Since some functions take the input data as a matrix instead of a data frame, I’m also creating matrix representation of the data:
x <- as.matrix(cbind(1, test_data[, 2:3]))
y <- test_data$y
Now the comparison:
bench <- microbenchmark(
fit_lm <- lm(y ~ 1 + x1 + x2, data = test_data),
fit_lsfit <- lsfit(x, y, intercept = FALSE),
fit_lm.fit <- lm.fit(x, y),
fit_.lm.fit <- .lm.fit(x, y),
fit_speedlm_df <- speedlm(y ~ 1 + x1 + x2, data = test_data),
fit_speedlm_matrix <- speedlm.fit(y = y, X = x, intercept = FALSE),
fit_fastLM_df <- fastLm(y ~ 1 + x1 + x2, data = test_data),
fit_fastLM_matrix <- fastLm(x, y),
times = 10
)
I’m comparing the lm()
function against the lsfit()
, lm.fit()
, .lm.fit()
functions from base R, the speedlm()
and speedlm.fit()
from the speedglm
package, and finally the fastLm()
function from the RcppEigen
packages.1
Before discussing the results, a word of caution. This is a simple toy example. The effective performance of these functions will depend on the problem itself, the operating system, the math libraries that R is using, the CPU of the machine, and the sustained maximum CPU clock of the computer, among other things. Moreover the lm.fit()
and .lm.fit()
functions shouldn’t be used directly, as stated by the R documentation.2
First, let’s check if the results are the same for all approaches:
all.equal(fit_lm$coefficients,
fit_lsfit$coefficients,
fit_lm.fit$coefficients,
fit_.lm.fit$coefficients,
fit_speedlm_df$coefficients,
fit_speedlm_matrix$coefficients,
fit_fastLM_df$coefficients,
fit_fastLM_matrix$coefficients,
check.names = FALSE)
## [1] TRUE
Then we can compare the efficiency of the different methods:
autoplot(bench, log=TRUE)
bench
## Unit: milliseconds
## expr
## fit_lm <- lm(y ~ 1 + x1 + x2, data = test_data)

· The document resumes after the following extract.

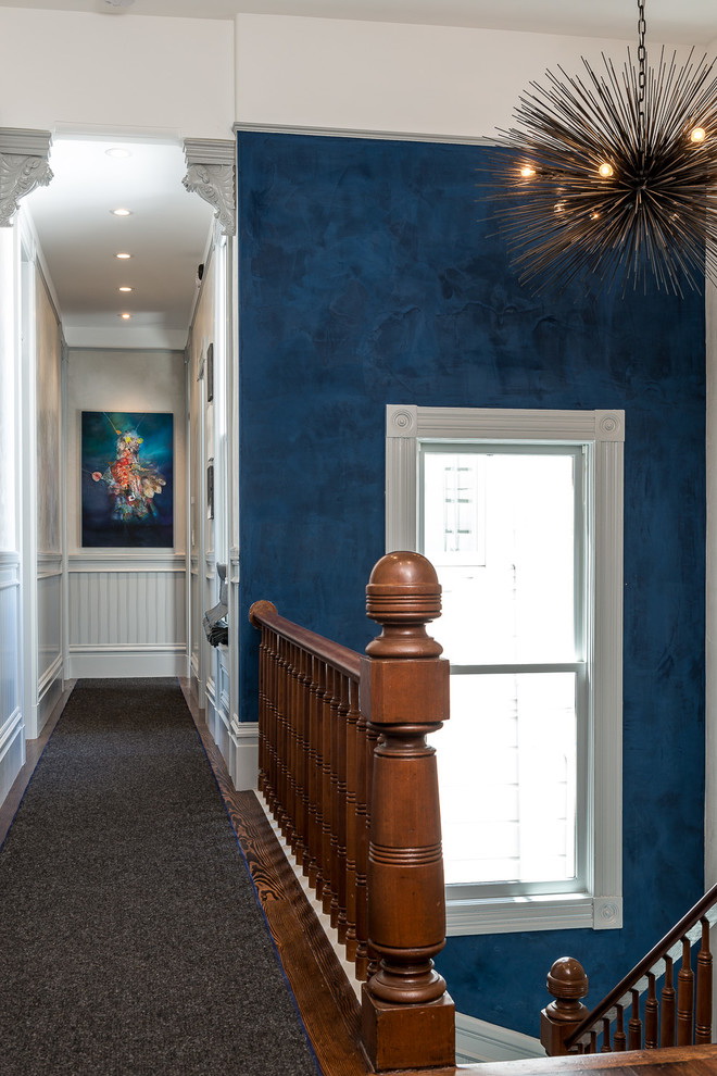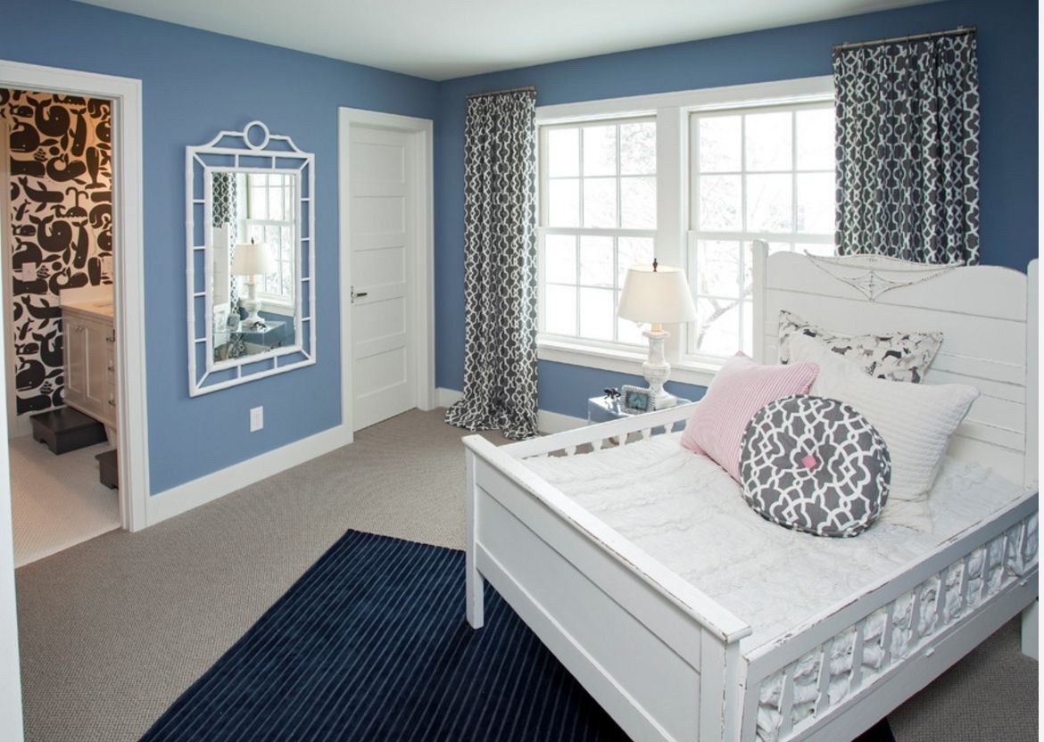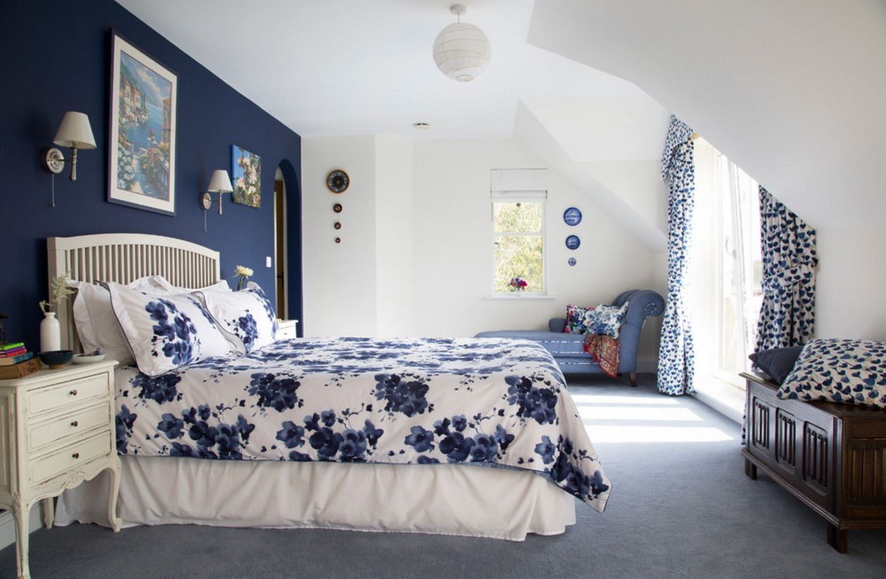 A paleta de azul é bastante ampla, variada e saturada. Se esta tonalidade for escolhida como o tom principal das paredes, deve dar preferência a cores suaves e pastel, por exemplo, azul-celeste, azul-centáurea-claro, azul-pardo, azul provençal, misturas com roxo, lavanda, roxo e semelhantes.

## fit_lsfit <- lsfit(x, y, intercept = FALSE)
## fit_lm.fit <- lm.fit(x, y)
## fit_.lm.fit <- .lm.fit(x, y)
## fit_speedlm_df <- speedlm(y ~ 1 + x1 + x2, data = test_data)

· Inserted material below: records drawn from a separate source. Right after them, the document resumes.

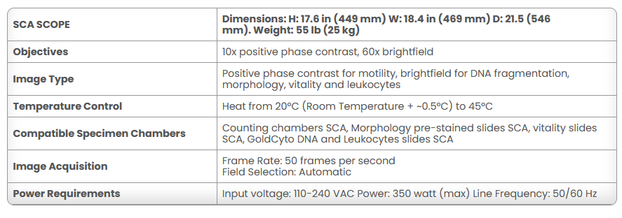 Moreover, the SCA SCOPE is easy to use and capable of performing a spermiocytogram in less than 4 minutes.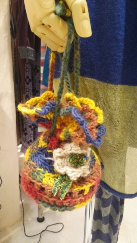 ミニBAGはお洋服との相性もピッタリ☆ BABYヘアーバンドと、どちらもぱれっと 864円 のヤーンを使用しました。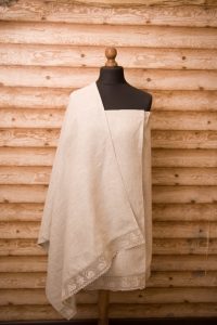 Komplekts sievietei: Lina auduma pirts kleita sievietei un dvielis 80x160cm ar 7 cm platu pelēku lina mežģīni – gulbji. Kleita ar gumiju un lipekli (krāsa-gaiši pelēka)
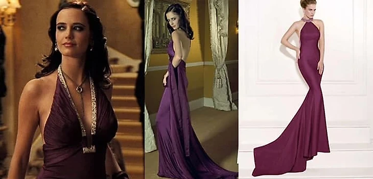 В платье Саши мне нравится все, кроме разреза по самую печень (упс, не тот бок) и цвета. Сейчас объясню. Я понимаю, что это отсылка к фильму. Но другая ткань, оттенок и подача сделали его ближе к выпускному, чем к платью подружки Бонда. Сложный цвет. И его нужно знать, как правильно подать. А вот украшение, переходящее с горловины на спину выглядит здорово.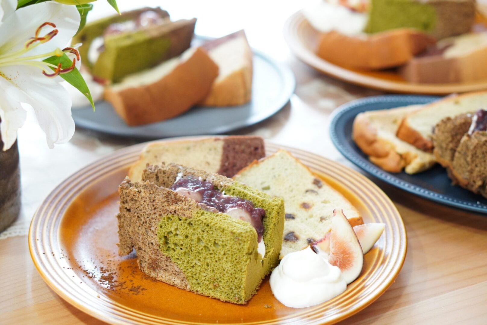 本日は、試食タイムでは、今まだ試作途中の抹茶ほうじ茶シフォンが登場しました。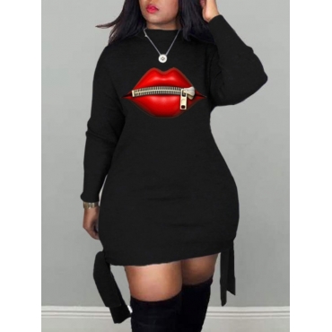 Lovely Leisure O Neck Lip Print Black Mini Dress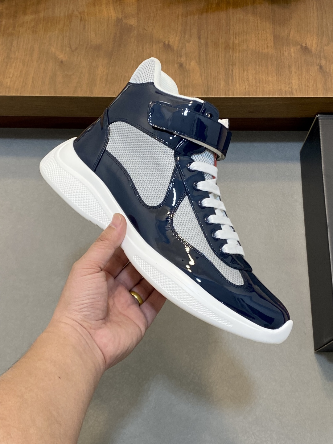 这款鞋子是AAAAA 1:1 质量 (非常棒). 使用了和原版一模一样的材料. 商标部分也保持了和普拉达/Prada一样. 图片拍摄是实物鞋子拍摄, 您所收到的实物保证和我们图片一模一样.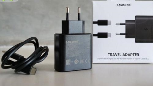 – Cáp sạc nhanh Samsung 45W chuẩn Type C to Type C (thường gọi là cáp 5A, có kích thước lớn hơn các loại cáp thông thường): cáp có sử dụng bộ điều chỉnh dòng điện để tương thích tối đa với công suất của củ sạc 45W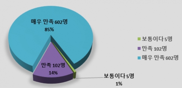 응답자 중 82%가 프로그램 내용과 진행 방법, 장소 및 시설 등에서 매우 만족한다고 응답했고 98.7%가 주변에 적극적으로 추천할 의사가 있는 것으로 나타났다.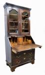 Beautiful George III antique secretary bookcase with glazed double door secretary over a slant front desk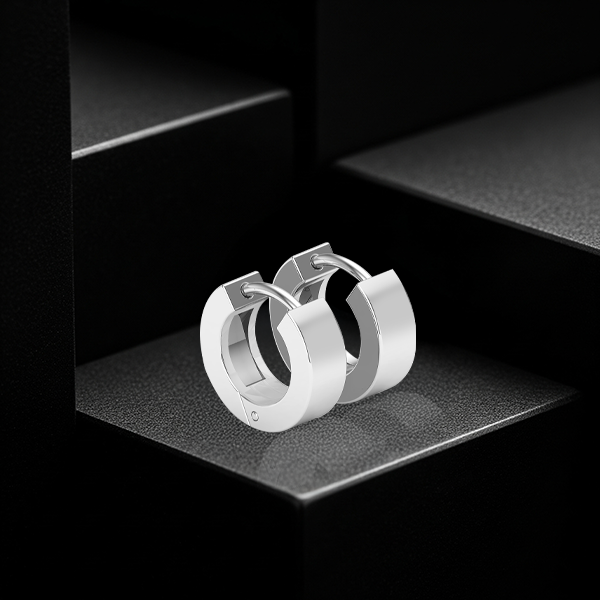 Add edge with bold, sleek platinum earrings for men — a contemporary classic for the modern man.

## fit_speedlm_matrix <- speedlm.fit(y = y, X = x, intercept = FALSE)
## fit_fastLM_df <- fastLm(y ~ 1 + x1 + x2, data = test_data)

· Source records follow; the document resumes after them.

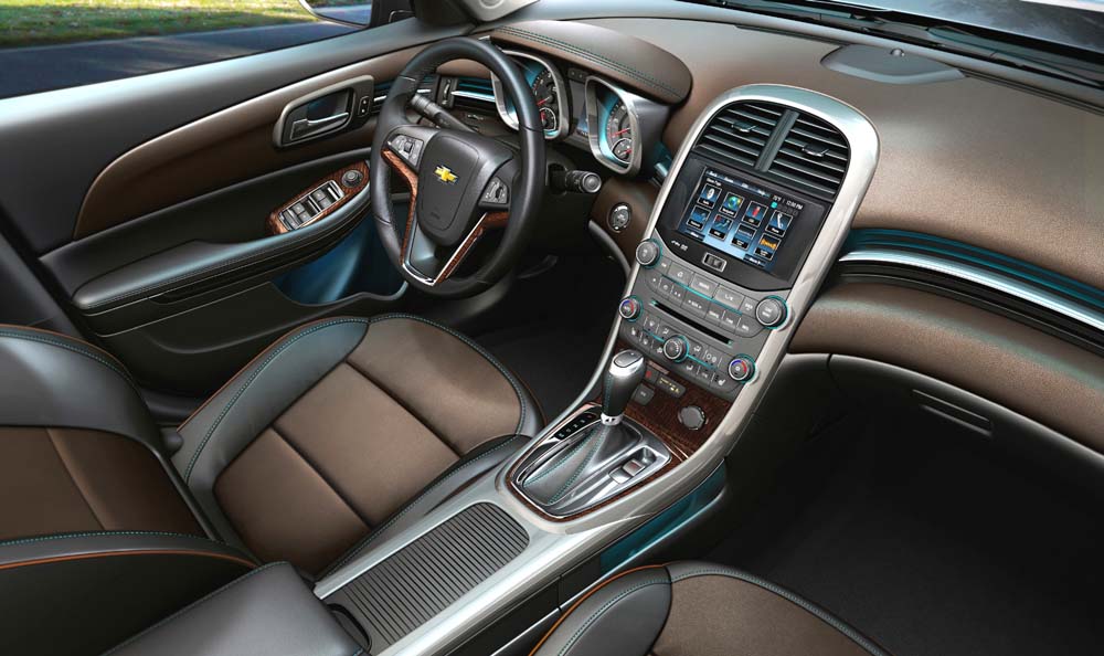 V interiéru najdeme metalické, chromové a dřevěné prvky kolem řadicí páky, středové konzoly, v okolí přístrojů, na dveřích a na volantu. Lehké, ledově modré podsvícení poskytuje rovnoměrnou, příjemnou iluminaci přístrojového panelu a odkládacích prostorů. Ke zjemnění interiéru Malibu přispívá také ledově modré podsvícení ovladačů na středovém panelu.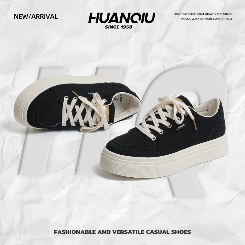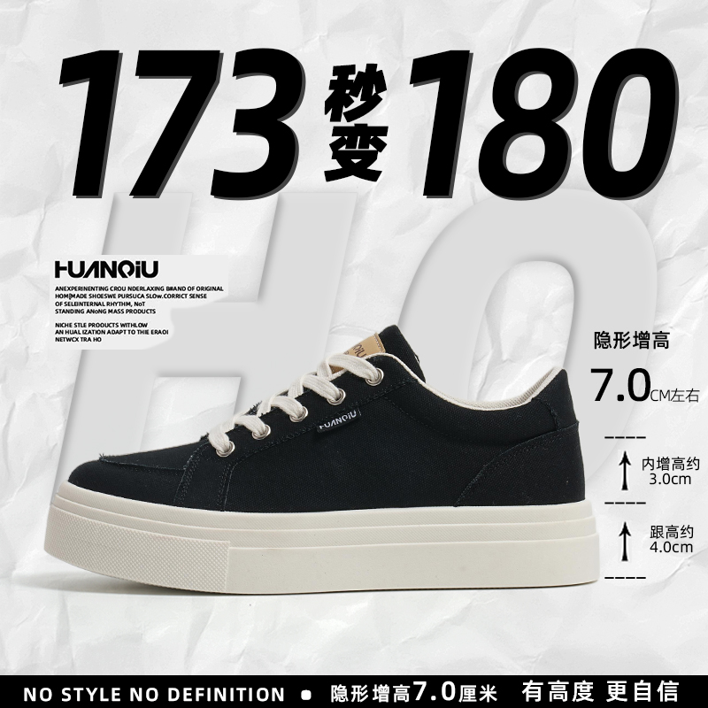 环球2025春秋新款黑色帆布厚底内增高男款学生百搭运动休闲潮板鞋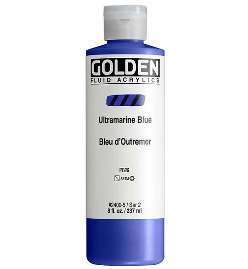 GOLDEN Fluid Acrylics are created by loading an acrylic polymer binder with concentrated levels of quality pigments for a wide selection of permanent and lightfast colours. No fillers or extenders are added to achieve the desired consistency, nor is the fluid quality achieved with additional water. GOLDEN Fluid Acrylics have the same pigment load as GOLDEN Heavy Body Acrylics, but in a viscosity similar to heavy cream. Fluids Acrylics allow for smooth flowing applications, while retaining colour intensity, tinting strength, film integrity and adhesion.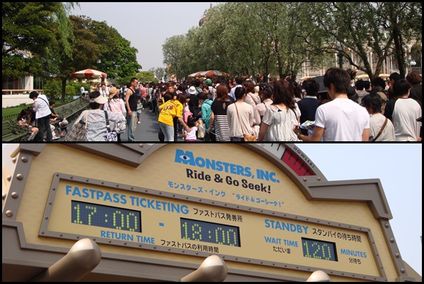 (写真・上) ファストパスには、やっぱり長蛇の列が・・・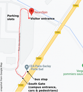 Once at the bus stop CEA-Porte Sud – Mare du Vivier, Neurospin is just in front of the bus stop, however you need to walk around the building to access the main entrance (see map on the current page).
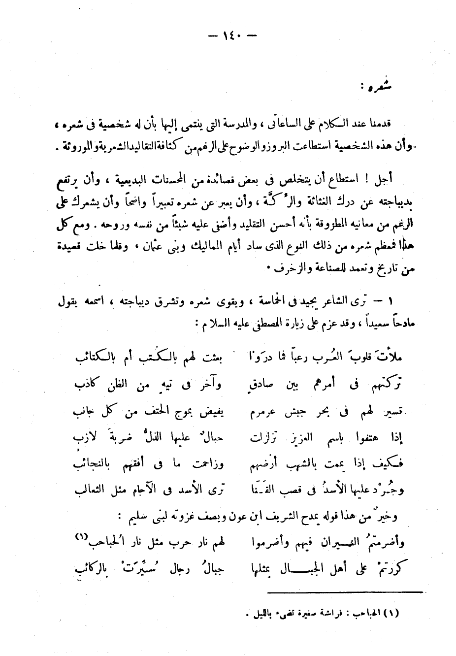 فهذه الديباجة القوية، وهذه الفحولة قد طال انتظار الشعر العربيّ لها, ولعل في حفظ الشاعر للمبتنبي ما جعله يجيد في الحماسة ووصف المعارك، كما كان المتنبي يجيدها وهو يمدح سيف الدولة، وقد شهد الساعاتي معارك آل عون مع أعدائهم, كما شهد المتنبي معارك سيف الدولة مع الروم وغيرهم.

## fit_fastLM_matrix <- fastLm(x, y)
## min lq mean median uq max neval
## 6828.9345 7146.6856 7591.7983 7390.2312 8099.4330 8609.801 10
## 1299.4915 1560.6033 1872.1942 1702.5058 2370.6262 2766.618 10
## 957.6946 995.4642 1260.5417 1097.8551 1278.9813 2502.580 10
## 821.9108 846.9022 976.0173 863.4897 1112.1696 1443.480 10
## 3852.0476 3905.1333 4145.0058 4061.1713 4250.1291 4880.512 10
## 181.3953 182.2440 492.0430 207.2382 603.4584 1474.690 10
## 7826.8584 7937.1581 8464.2897 8307.2791 9106.6024 9436.472 10
## 1313.2983 1361.3758 1588.5146 1476.4634 1685.5722 2127.451 10
The x-axis of the plot is in logarithm scale. The results show that the computational speed can be substantially different and faster than the lm()
function. One method, in particular, the fastLm()
function using matrices as an input, resulted in a very small computational time (about 0.2 seconds). By the way, this result is much faster than Stata.
This simple example illustrates that performance comparisons between different statistical software are hard to do. They will be dependent on our level of expertise in each language. I’m my opinion performance is just one dimension we should take into account when choosing a software/language. The depth and breath of R, and it’s data manipulation tools more than compensate for any performance penalty from using an interpreted language. In any case, when I hit a performance bottleneck it is easy in R to integrate C++ or to parallelise the code.